## [TASK ITEM]
Each line of the entries below that holds "buku" is needed, copied in full.

Start of Block

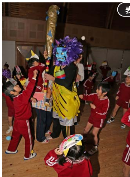
保育園に鬼がやってきた!
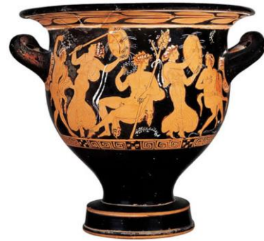
Dioniso, Ménades y Sátiros. Ánfora griega de figuras negras

La pintura estuvo estrechamente relacionada a la cerámica con dibujos en negro sobre fondo rojo y a medida que pasaba el tiempo, los pintores, se hacían más expertos y manejaban con mayor precisión las luces y sombras, el color y la composición. Así, la cerámica se convirtió en el principal punto de partida para los grandes pintores griegos: Polígnoto, Apolodoro, Zeuxis y Parracio.
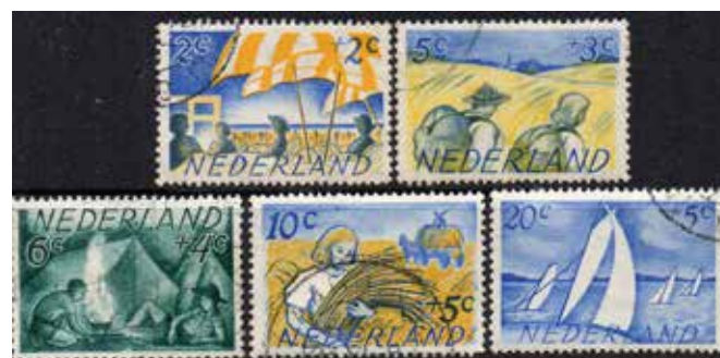
voor k 104, zie volgende bladzijde
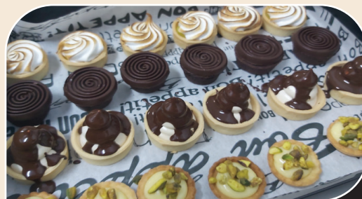
מיני טארטלט מתוק מעורב
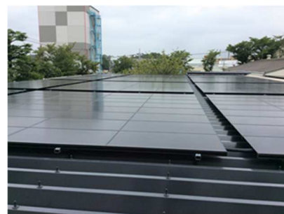
社屋の屋根には太陽光発電が
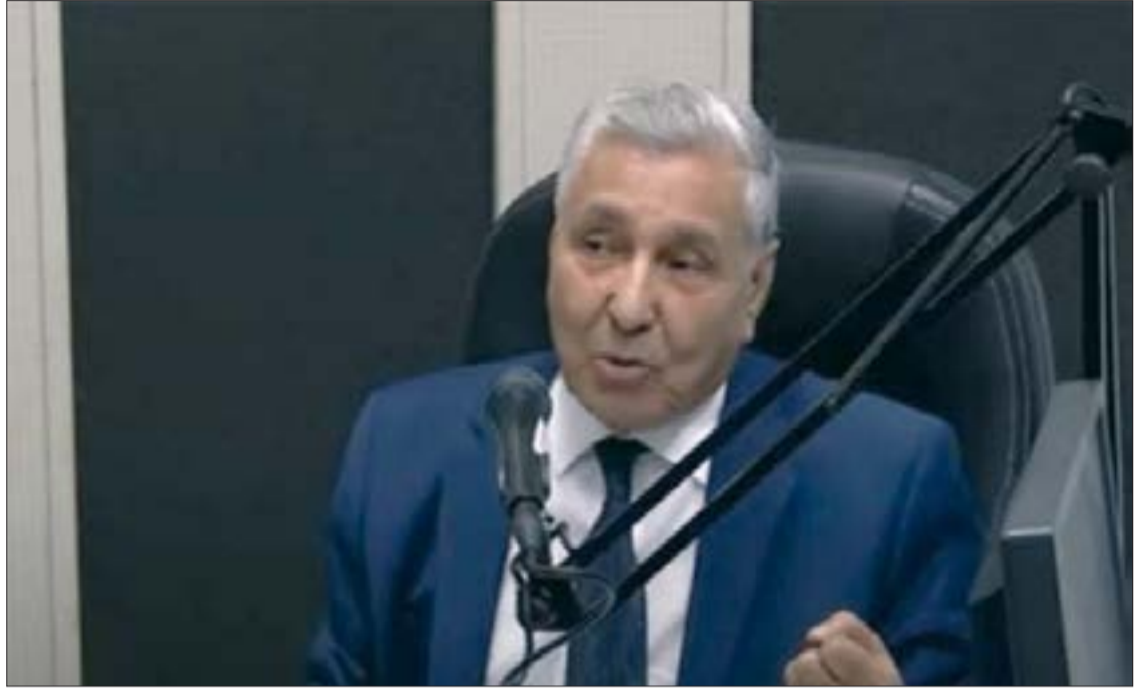
لوز محمد أمين

حلّ صبيحة أول أمس، الثلاثاء، رئيس المجلس الوطني لحقوق الإنسان السيد عبد المجيد زعلاني بولاية تيارت، وكانت له زيارة لساحة الشهداء بوسط مدينة تيارت، استحضّر من خلالها، تضحيات الشهداء، وذكر بمسيرة الفنان الرمز الشهيد علي معاشي في سبيل استقلال الجزائر، وأكد أنه كان يتمتع بموهبة موسيقية عالية استغلها في الدفاع عن القيم السامية وإبراز مقومات الشخصية الوطنية، فعمله الفني «أنغام الجزائر» عرف بالجزائر لأنه يشيد بكل المناطق الجزائرية.
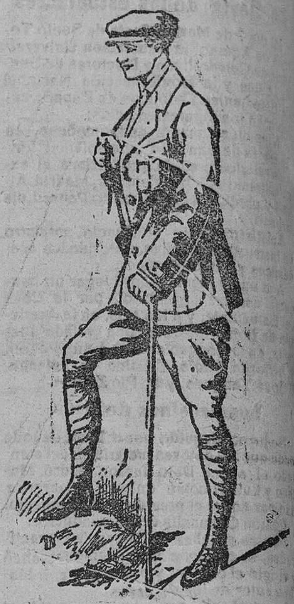
Trajes sport, en paño y pana, á 60, 70, 80, 90 y 100 pts.
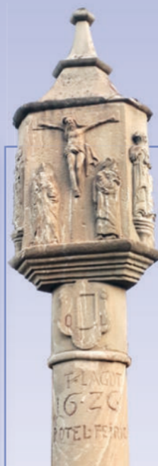
Bildstock von 1626 gegenüber der alten Kirche Mariä Himmelfahrt (unten)
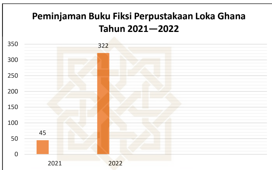
Gambar 2 Peminjaman buku fiksi tahun 2021-2022

yaitu tahun 2022, saat siswa sudah melakukan pembelajaran luring, jumlah peminjam buku fiksi melonjak drastis menjadi 322 peminjaman.
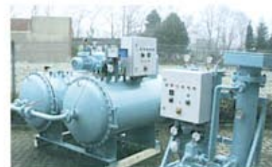
Bilgewasser-Entöler 2000 (Restölgehalt < 5 ppm) und Kraftstoffpflege für ein AIDA - Schiff

Diese Anlagen sind ein Ausschnitt aus dem Schaffen des Jubilars.
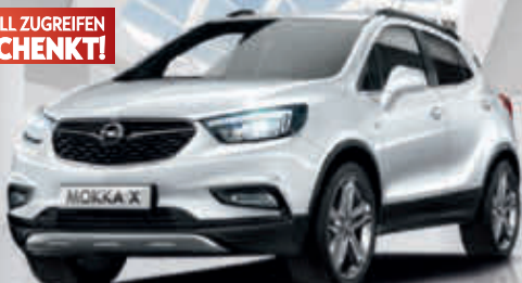
Beispielabbildung mit mögl. aufpreispflichtiger Sonderausstattung

End of Block

## [SOLUTION TO THE PROBLEM]
Gambar 2 Peminjaman buku fiksi tahun 2021-2022
yaitu tahun 2022, saat siswa sudah melakukan pembelajaran luring, jumlah peminjam buku fiksi melonjak drastis menjadi 322 peminjaman.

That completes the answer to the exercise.